I am reading at https://ci.apache.org/projects/flink/flink-docs-release-1.13/docs/dev/table/data_stream_api/#examples-for-fromchangelogstream,
The EXAMPLE 1:
// === EXAMPLE 1 ===
// interpret the stream as a retract stream
// create a changelog DataStream
val dataStream = env.fromElements(
Row.ofKind(RowKind.INSERT, "Alice", Int.box(12)),
Row.ofKind(RowKind.INSERT, "Bob", Int.box(5)),
Row.ofKind(RowKind.UPDATE_BEFORE, "Alice", Int.box(12)),
Row.ofKind(RowKind.UPDATE_AFTER, "Alice", Int.box(100))
)(Types.ROW(Types.STRING, Types.INT))
// interpret the DataStream as a Table
val table = tableEnv.fromChangelogStream(dataStream)
// register the table under a name and perform an aggregation
tableEnv.createTemporaryView("InputTable", table)
tableEnv
.executeSql("SELECT f0 AS name, SUM(f1) AS score FROM InputTable GROUP BY f0")
.print()
// prints:
// +----+--------------------------------+-------------+
// | op | name | score |
// +----+--------------------------------+-------------+
// | +I | Bob | 5 |
// | +I | Alice | 12 |
// | -D | Alice | 12 |
// | +I | Alice | 100 |
// +----+--------------------------------+-------------+
The EXAMPLE 2:
// === EXAMPLE 2 ===
// convert to DataStream in the simplest and most general way possible (no event-time)
val simpleTable = tableEnv
.fromValues(row("Alice", 12), row("Alice", 2), row("Bob", 12))
.as("name", "score")
.groupBy($"name")
.select($"name", $"score".sum())
tableEnv
.toChangelogStream(simpleTable)
.executeAndCollect()
.foreach(println)
// prints:
// +I[Bob, 12]
// +I[Alice, 12]
// -U[Alice, 12]
// +U[Alice, 14]
For the two examples, I would ask why the first one prints -D
and +I
in the last two records, while the second one prints -U
and +U
. What's the rule here to determine the kind of change? Thanks.
The reason for the difference has two parts, both of them defined in GroupAggFunction
, which is the process function used to process this query.
The first is this part of the code:
// update aggregate result and set to the newRow
if (isAccumulateMsg(input)) {
// accumulate input
function.accumulate(input);
} else {
// retract input
function.retract(input);
}
When a new value is received for a given key, the method first checks if it is an accumulation message (RowKind.INSERT
or RowKind.UPDATE_AFTER
) or a retract message (RowKind.UPDATE_BEFORE
).
In your first example, you explicitly state the RowKind
yourself. When the execution reaches Row.ofKind(RowKind.UPDATE_BEFORE, "Alice", Int.box(12))

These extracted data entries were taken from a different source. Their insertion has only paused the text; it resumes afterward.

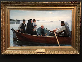 Olin kerran kiertelemässä Edelfelt-näyttelyssä ja kuljin tämän taulun ohi, kun sen eteen oli istunut ryhmä pieniä koululaisia. Esittelijä tai opettaja kysyi lapsilta, mikä aika päivästä taulussa oli, ja mikä vuodenaika. -Jestas, huomasin etten koskaan ollut pohtinut moista tauluja katsoessani. Huomasin taas kerran, että olen hotkija kuvien katselussa niin kuin olen lukemisessakin. Liika nopeus kostautuu, hitaasti saisi paljon enemmän irti kaikesta.
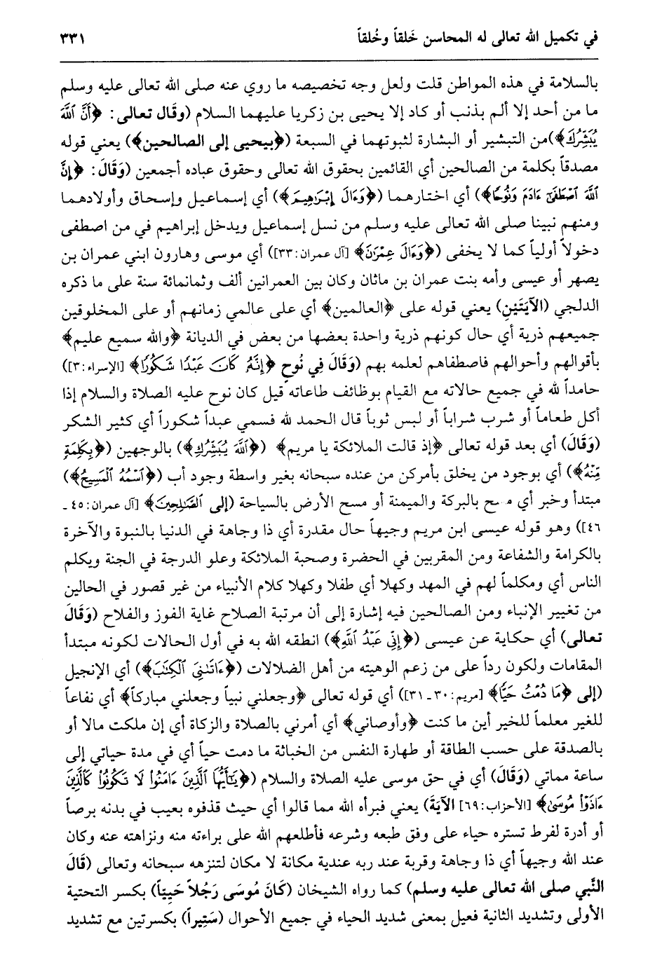 بالسلامة في هذه المواطن قلت ولعل وجه تخصيصه ما روي عنه صلى الله تعالى عليه وسلم مَا مِنْ أَحَدٍ إِلَّا أَلَمَّ بِذَنْبٍ أَوْ كاد إلا يحيى بن زكريا عليهما السلام (وقال تعالى: أَنَّ اللَّهَ يُبَشِّرُكَ) من التبشير أو البشارة لثبوتهما في السبعة (بِيَحْيى إلى الصَّالِحِينَ) يعني قوله مصدقا بكلمة من الصالحين أي القائمين بحقوق الله تعالى وحقوق عباده أجمعين (وقال: إِنَّ اللَّهَ اصْطَفى آدَمَ وَنُوحاً) أي اختارهما (وَآلَ إِبْراهِيمَ) أي إسماعيل وإسحاق وأولادهما ومنهم نبينا صلى الله تعالى عليه وسلم من نسل إسماعيل ويدخل إبراهيم في من اصطفى دخولا أوليا كما لا يخفى (وَآلَ عِمْرانَ [آل عمران: 33] ) أي موسى وهارون ابني عمران بن يصهر أو عيسى وأمه بنت عمران بن ماثان وكان بين العمرانين ألف وثمانمائة سنة على ما ذكره الدلجي (الآيتين) يعني قوله عَلَى الْعالَمِينَ أي على عالمي زمانهم أو على المخلوقين جميعهم ذرية أي حال كونهم ذرية واحدة بعضها من بعض في الديانة وَاللَّهُ سَمِيعٌ عَلِيمٌ بأقوالهم وأحوالهم فاصطفاهم لعلمه بهم (وَقَالَ فِي نُوحٍ إِنَّهُ كانَ عَبْداً شَكُوراً [الإسراء: 3] ) حامدا لله في جميع حالاته مع القيام بوظائف طاعاته قيل كان نوح عليه الصلاة والسلام إذا أكل طعاما أو شرب شرابا أو لبس ثوبا قال الحمد لله فسمي عبدا شكورا أي كثير الشكر (وقال) أي بعد قوله تعالى إِذْ قالَتِ الْمَلائِكَةُ يا مَرْيَمُ (اللَّهَ يُبَشِّرُكِ) بالوجهين (بِكَلِمَةٍ مِنْهُ) أي بوجود من يخلق بأمركن من عنده سبحانه بغير واسطة وجود أب (اسْمُهُ الْمَسِيحُ) مبتدأ وخبر أي مسح بالبركة والميمنة أو مسح الأرض بالسياحة (إلى الصَّالِحِينَ [آل عمران: 45- 46] ) وهو قوله عيسى ابن مريم وجيها حال مقدرة أي ذا وجاهة في الدنيا بالنبوة والآخرة بالكرامة والشفاعة ومن المقربين في الحضرة وصحبة الملائكة وعلو الدرجة في الجنة ويكلم الناس أي ومكلما لهم في المهد وكهلا أي طفلا وكهلا كلام الأنبياء من غير قصور في الحالين من تغيير الإنباء ومن الصالحين فيه إشارة إلى أن مرتبة الصلاح غاية الفوز والفلاح (وقال تعالى) أي حكاية عن عيسى (إِنِّي عَبْدُ اللَّهِ) انطقه الله به في أول الحالات لكونه مبتدأ المقامات ولكون ردا على من زعم الوهيته من أهل الضلالات (آتانِيَ الْكِتابَ) أي الإنجيل (إلى ما دُمْتُ حَيًّا [مريم: 30- 31] ) أي قوله تعالى وَجَعَلَنِي نَبِيًّا وَجَعَلَنِي مُبارَكاً أي نفاعا للغير معلما للخير أين ما كنت وَأَوْصانِي أي أمرني بالصلاة والزكاة أي إن ملكت مالا أو بالصدقة على حسب الطاقة أو طهارة النفس من الخباثة ما دمت حيا أي في مدة حياتي إلى ساعة مماتي (وقال) أي في حق موسى عليه الصلاة والسلام (يا أَيُّهَا الَّذِينَ آمَنُوا لَا تَكُونُوا كَالَّذِينَ آذَوْا مُوسى [الأحزاب: 69] الآية) يعني فبرأه الله مما قالوا أي حيث قذفوه بعيب في بدنه برصا أو أدرة لفرط تستره حياء على وفق طبعه وشرعه فأطلعهم الله على براءته منه ونزاهته عنه وكان عند الله وجيها أي ذا وجاهة وقربة عند ربه عندية مكانة لا مكان لتنزهه سبحانه وتعالى (قال النّبي صلى الله تعالى عليه وسلم) كما رواه الشيخان (كان موسى رجلا حييّا) بكسر التحتية الأولى وتشديد الثانية فعيل بمعنى شديد الحياء في جميع الأحوال (ستيرا) بكسرتين مع تشديد
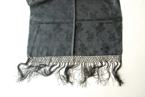 Sciarpa in seta damascata nera con frange applicate con quattro legature.Notizie storico-critiche
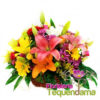 Diseño elaborado en canasta tejida con lirios, rosas, tonos pastel chamizos y follajes
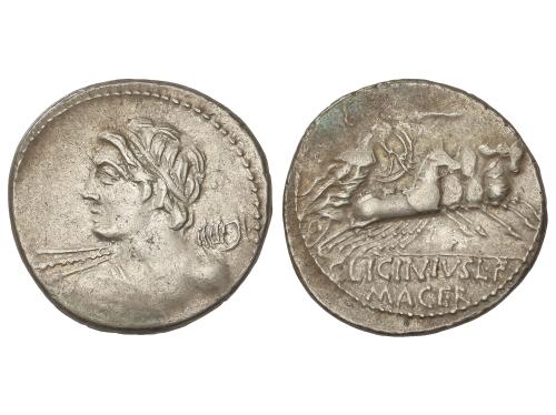 REPÚBLICA ROMANA. Denario. 84a.C. LICINIA. C. Licinius L, f. Macer. Anv.: Cabeza de Apolo Vejovis a izquierda. Rev.: Minerva en cuadriga a derecha, en exergo C. LICINIVS. L.F/MACER. 3,79 grs. AR. BMC-2467; Cal-889; Craw-354-1; FFC-803; Se-16. EBC-.
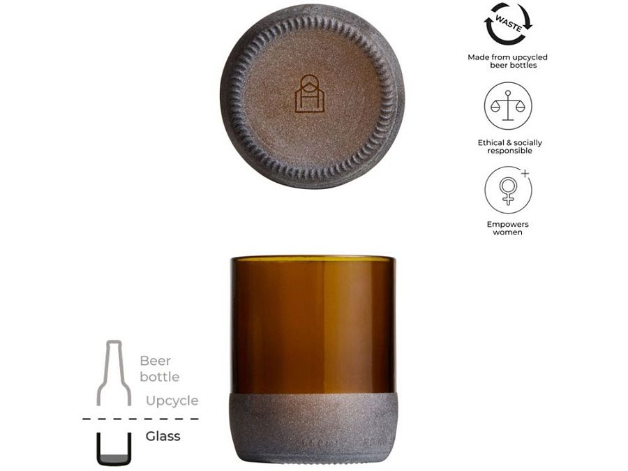 Набор из двух бокалов емкостью 160 мл, изготовленных из переработанных пивных бутылок. Поставляется в подарочной коробке. Переработанное стекло.
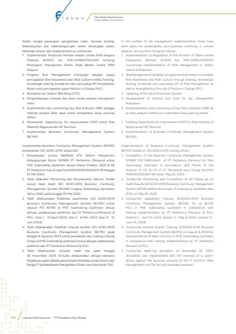 Tata Kelola KeberlanjutanSustainability GovernanceIn the context of risk management implementation, there have been plans for sustainability and business continuity in various aspects, among other things as follows:1. Implementation of Regulation of the Minister of State-owned Enterprises (Permen BUMN) No. PER-5/MBU/09/2022 concerning Implementation of Risk Management in Stateowned Enterprises.2. Risk Management Campaign program as an endeavor to increase Risk Awareness and Risk Culture through training, knowledge sharing, broadcast and cascading KPI of Risk Management as well as strengthening the role of Person in Charge (PIC).3. Updating of the Work Procedure System.4. Development of method and tools for risk management evaluation.5. Implementation and monitoring of Key Risk Indicators (KRI) as an early analysis method to understand early warning status.1. Fulfilling Opportunity for Improvement (OFI) for Risk Maturity of Regional and AP Services.2. Implementation of Business Continuity Management System (BCMS).Implementation of Business Continuity Management System (BCMS) based on ISO 22301:2019, among others:1. Completion of the Business Continuity Management System (SMKB) STK Ratification of PT Pertamina (Persero) for PHE Subholding Upstream in accordance with Memo of the Director of HC & CS of PT Pertamina Hulu Energi No.043/PHE50000/2023-S9 dated May 22, 2023.2. Conducted Monitoring and Completion of All Follow up on Audit Results ISO22301:2019 Business Continuity Management System (BCMS) Within the scope of Subholding Upstream Year 2022 on May 25, 2023.3. Conducted awareness Training ISO22301:2019 Business Continuity Management System (BCMS) for all BCMS PICs in PHE Subholding Upstream in compliance with training implementation by PT Pertamina (Persero) & PCU. (Session I : April 10, 2023, Session II : May 8, 2023, Session III : June 12, 2023).4. Conducted Internal Auditor Training ISO22301:2019 Business Continuity Management System (BCMS) on August 8, 2023 for representatives of each Function in PHE Subholding Upstream in compliance with training implementation by PT Pertamina (Persero) & PCU.5. Conducted table-top simulation on November 20, 2023. Simulation was implemented with the scenario of a cyberattack against the business process of the IT function (Risk Management and TIK Security business process).Dalam rangka penerapan pengelolaan risiko, rencana strategi keberlanjutan dan keberlangsungan bisnis dituangkan dalam beberapa aturan dan implementasinya, antara lain:1. Implementasi Peraturan Menteri Badan Usaha Milik Negara (Permen BUMN) No. PER-5/MBU/09/2022 tentang Penerapan Manajemen Risiko Pada Badan Usaha Milik Negara.2. Program Risk Management Campaign sebagai upaya peningkatan Risk Awareness dan Risk Culture melalui training, knowledge sharing, broadcast dan cascading KPI Pengelolaan Risiko serta peningkatan peran Person in Charge (PIC).3. Pembaharuan Sistem Tata Kerja (STK).4. Pengembangan metode dan tools untuk evaluasi manajemen risiko.5. Implementasi dan monitoring Key Risk Indicator (KRI) sebagai metode analisis lebih awal untuk mengetahui early warning status.6. Pemenuhan Opportunity for Improvement (OFI) untuk Risk Maturity Regional dan AP Services.7. Implementasi Business Continuity Management System (BCMS).Implementasi Business Continuity Management System (BCMS) berdasarkan ISO 22301:2019, antara lain:1. Penyelesaian proses Ratifikasi STK Sistem Manajemen Kelangsungan Bisnis (SMKB) PT Pertamina (Persero) untuk PHE Subholding Upstream sesuai Memo Direktur SDM & PB PT Pertamina Hulu Energi No.043/PHE50000/2023-S9 tanggal 22 Mei 2023.2. Telah dilakukan Monitoring dan Penyelesaian Seluruh Tindak Lanjut Hasil Audit ISO 22301:2019 Business Continuity Management System (BCMS) Lingkup Subholding Upstream Tahun 2022 pada tanggal 25 Mei 2023.3. Telah dilaksanakan Pelatihan awareness ISO 22301:2019 Business Continuity Management System (BCMS) untuk seluruh PIC BCMS di PHE Subholding Upstream sesuai dengan pelaksanaan pelatihan dari PT Pertamina (Persero) & PCU. (Sesi I : 10 April 2023, Sesi II : 8 Mei 2023, Sesi III : 12 Juni 2023).4. Telah dilaksanakan Pelatihan Internal Auditor ISO 22301:2019 Business Continuity Management System (BCMS) pada tanggal 8 Agustus 2023 untuk perwakilan dari masing-masing Fungsi di PHE Subholding Upstream sesuai dengan pelaksanaan pelatihan dari PT Pertamina (Persero) & PCU.5. Telah dilaksanakan simulasi table top pada tanggal 20 November 2023. Simulasi dilaksanakan dengan skenario terjadinya cyber attack yang terjadi terhadap proses bisnis dari fungsi IT (proses bisnis Pengelolaan Risiko dan Keamanan TIK).67 8 9 10 11100 Laporan Keberlanjutan %u2022 PT Pertamina Hulu Energi

, which is a retraction message, it will first retract the input from the existing accumulator. This means that after the retraction, we end up with a key which has an empty accumulator. When that happens, the below line is reached:
} else {
// we retracted the last record for this key
// sent out a delete message
if (!firstRow) {
// prepare delete message for previous row
resultRow.replace(currentKey, prevAggValue).setRowKind(RowKind.DELETE);
out.collect(resultRow);
}
// and clear all state
accState.clear();
// cleanup dataview under current key
function.cleanup();
}
Since this is not the first row received for the key "Alice", we emit a delete message for the previous row, and then the next one will emit an INSERT
.
For your second example where you don't explicitly specify the RowKind
, all messages are received with RowKind.INSERT
by default. This means that now we don't retract the existing accumulator, and the following code path is taken:
if (!recordCounter.recordCountIsZero(accumulators)) {
// we aggregated at least one record for this key
// update the state
accState.update(accumulators);
// if this was not the first row and we have to emit retractions
if (!firstRow) {
if (stateRetentionTime <= 0 && equaliser.equals(prevAggValue, newAggValue)) {
// newRow is the same as before and state cleaning is not enabled.
// We do not emit retraction and acc message.
// If state cleaning is enabled, we have to emit messages to prevent too early
// state eviction of downstream operators.
return;
} else {
// retract previous result
if (generateUpdateBefore) {
// prepare UPDATE_BEFORE message for previous row
resultRow
.replace(currentKey, prevAggValue)
.setRowKind(RowKind.UPDATE_BEFORE);
out.collect(resultRow);
}
// prepare UPDATE_AFTER message for new row
resultRow.replace(currentKey, newAggValue).setRowKind(RowKind.UPDATE_AFTER);
}
Since the row count is greater than 0 (we didn't retract), and this is not the first row received for the key, and because the AggFunction
has set generateUpdateBefore
to true
, we first receive an UPDATE_BEFORE
message (-U
) followed immediately by an UPDATE_AFTER
(+U
).
All the relevant code can be found here.